### Exercise objective
All lines from the one containing "Produkt oferuje pięć" down to the one containing "Гамбургер часто ассоциируется", both ends included, are to be given again exactly; omit the rest of the listing below.

*** Data under study Section Begins ***

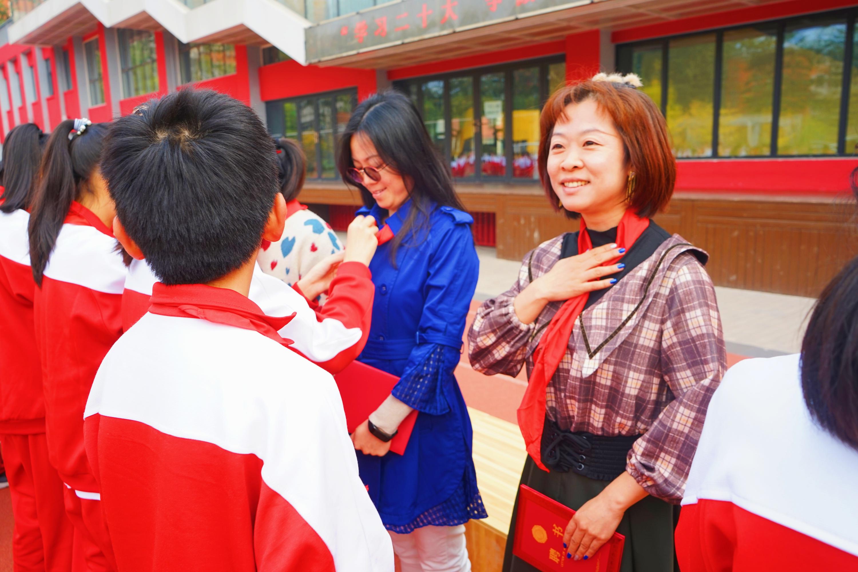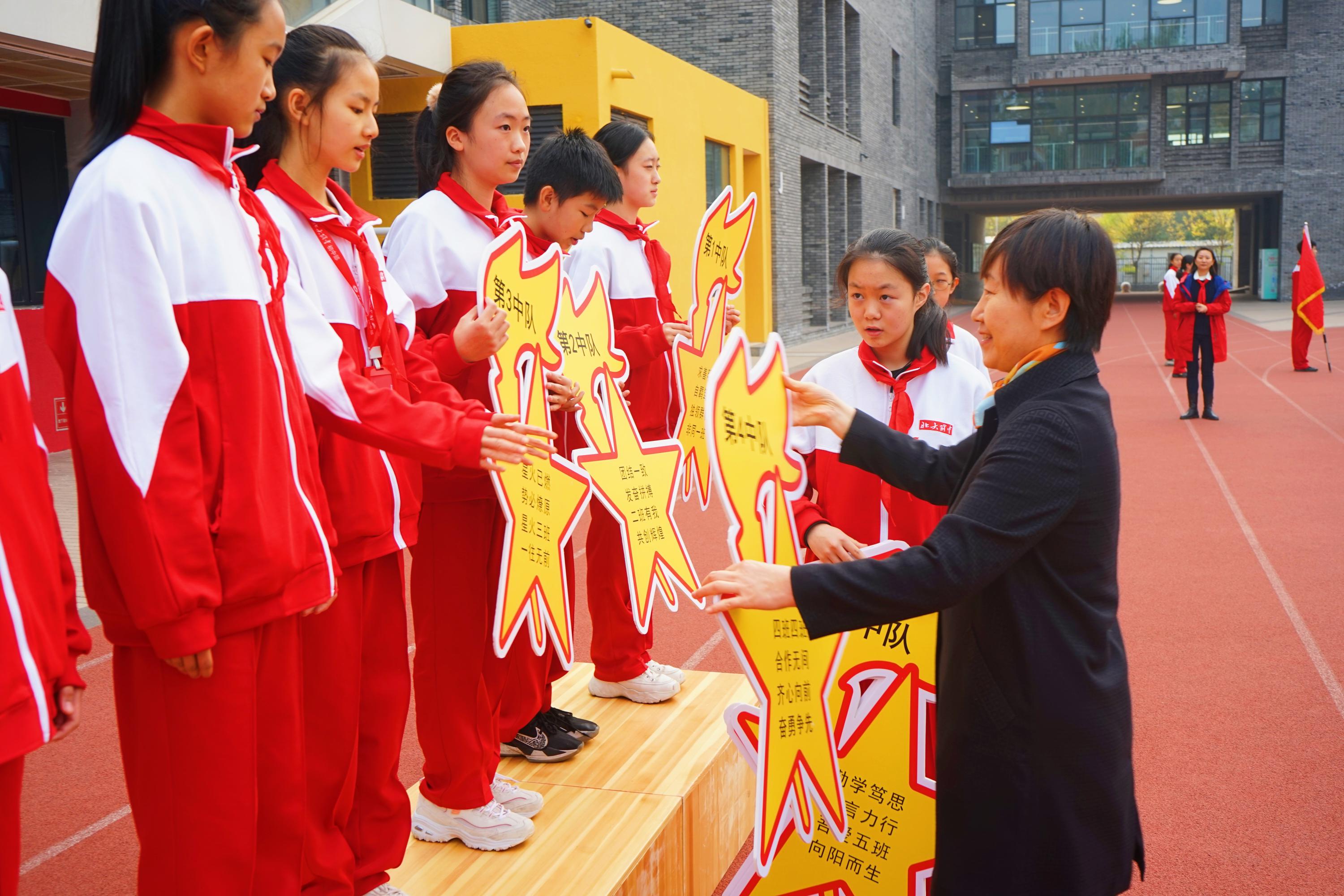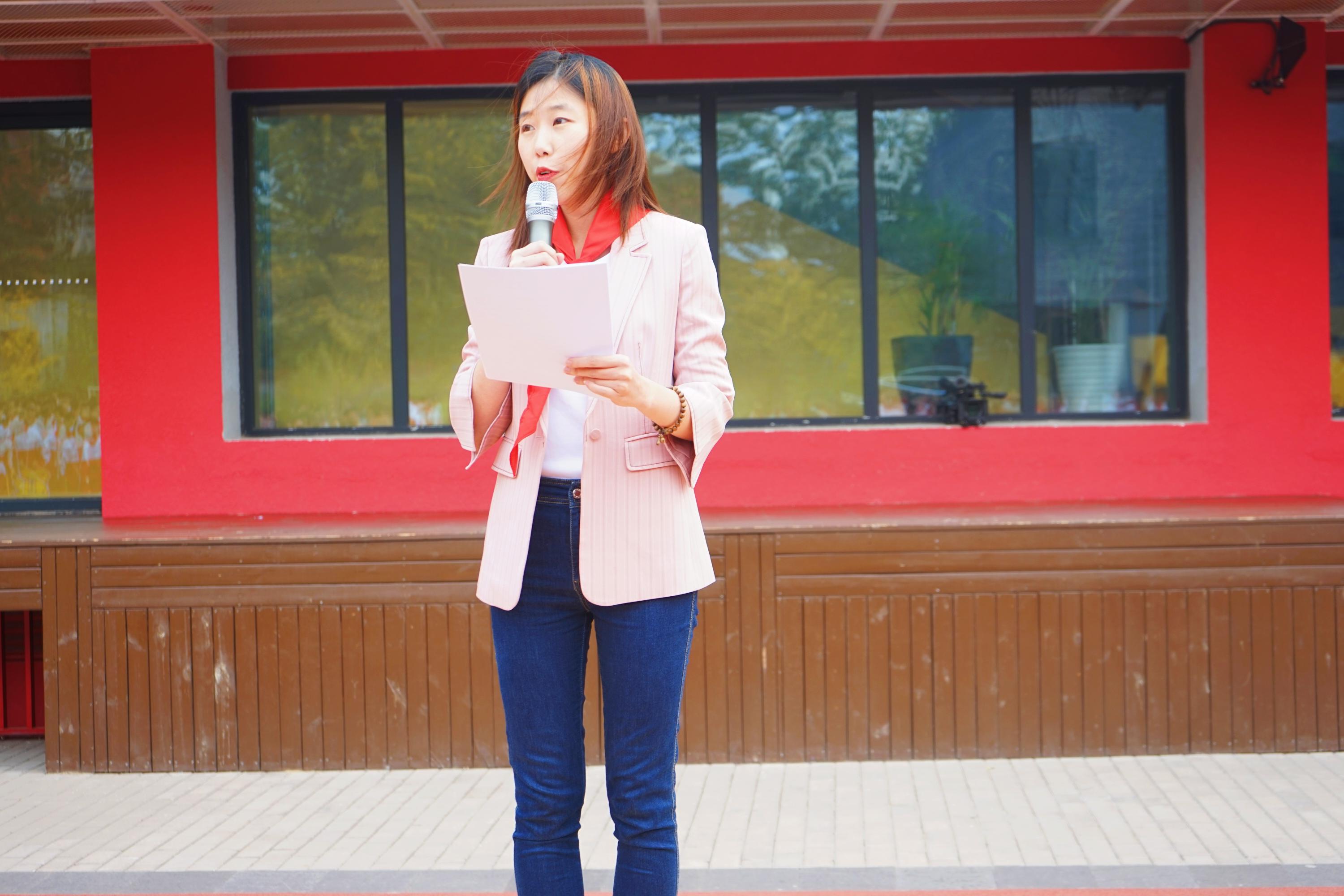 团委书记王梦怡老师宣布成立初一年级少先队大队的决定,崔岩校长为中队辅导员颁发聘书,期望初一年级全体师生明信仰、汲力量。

*** Data under study Section Ends ***
*** Data under study Section Begins ***

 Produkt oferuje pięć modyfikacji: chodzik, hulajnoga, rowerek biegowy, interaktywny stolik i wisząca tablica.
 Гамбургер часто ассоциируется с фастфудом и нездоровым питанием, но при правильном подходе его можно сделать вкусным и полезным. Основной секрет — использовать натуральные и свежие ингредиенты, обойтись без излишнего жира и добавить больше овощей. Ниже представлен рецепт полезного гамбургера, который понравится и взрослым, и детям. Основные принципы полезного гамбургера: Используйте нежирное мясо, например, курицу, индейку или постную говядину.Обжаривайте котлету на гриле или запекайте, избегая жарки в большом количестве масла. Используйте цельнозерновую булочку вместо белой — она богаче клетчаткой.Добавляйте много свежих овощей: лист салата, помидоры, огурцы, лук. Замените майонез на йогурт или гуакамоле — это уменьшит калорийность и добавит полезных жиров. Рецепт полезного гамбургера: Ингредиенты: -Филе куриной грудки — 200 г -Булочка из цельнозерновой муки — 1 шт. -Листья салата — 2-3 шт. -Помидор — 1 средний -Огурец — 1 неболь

*** Data under study Section Ends ***
*** Data under study Section Begins ***

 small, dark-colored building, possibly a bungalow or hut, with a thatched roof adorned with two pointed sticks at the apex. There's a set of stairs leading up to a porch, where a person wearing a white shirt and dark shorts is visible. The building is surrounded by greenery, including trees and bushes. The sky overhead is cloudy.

*** Data under study Section Ends ***

### Answer to the problem
 Produkt oferuje pięć modyfikacji: chodzik, hulajnoga, rowerek biegowy, interaktywny stolik i wisząca tablica.
 Гамбургер часто ассоциируется с фастфудом и нездоровым питанием, но при правильном подходе его можно сделать вкусным и полезным. Основной секрет — использовать натуральные и свежие ингредиенты, обойтись без излишнего жира и добавить больше овощей. Ниже представлен рецепт полезного гамбургера, который понравится и взрослым, и детям. Основные принципы полезного гамбургера: Используйте нежирное мясо, например, курицу, индейку или постную говядину.Обжаривайте котлету на гриле или запекайте, избегая жарки в большом количестве масла. Используйте цельнозерновую булочку вместо белой — она богаче клетчаткой.Добавляйте много свежих овощей: лист салата, помидоры, огурцы, лук. Замените майонез на йогурт или гуакамоле — это уменьшит калорийность и добавит полезных жиров. Рецепт полезного гамбургера: Ингредиенты: -Филе куриной грудки — 200 г -Булочка из цельнозерновой муки — 1 шт. -Листья салата — 2-3 шт. -Помидор — 1 средний -Огурец — 1 неболь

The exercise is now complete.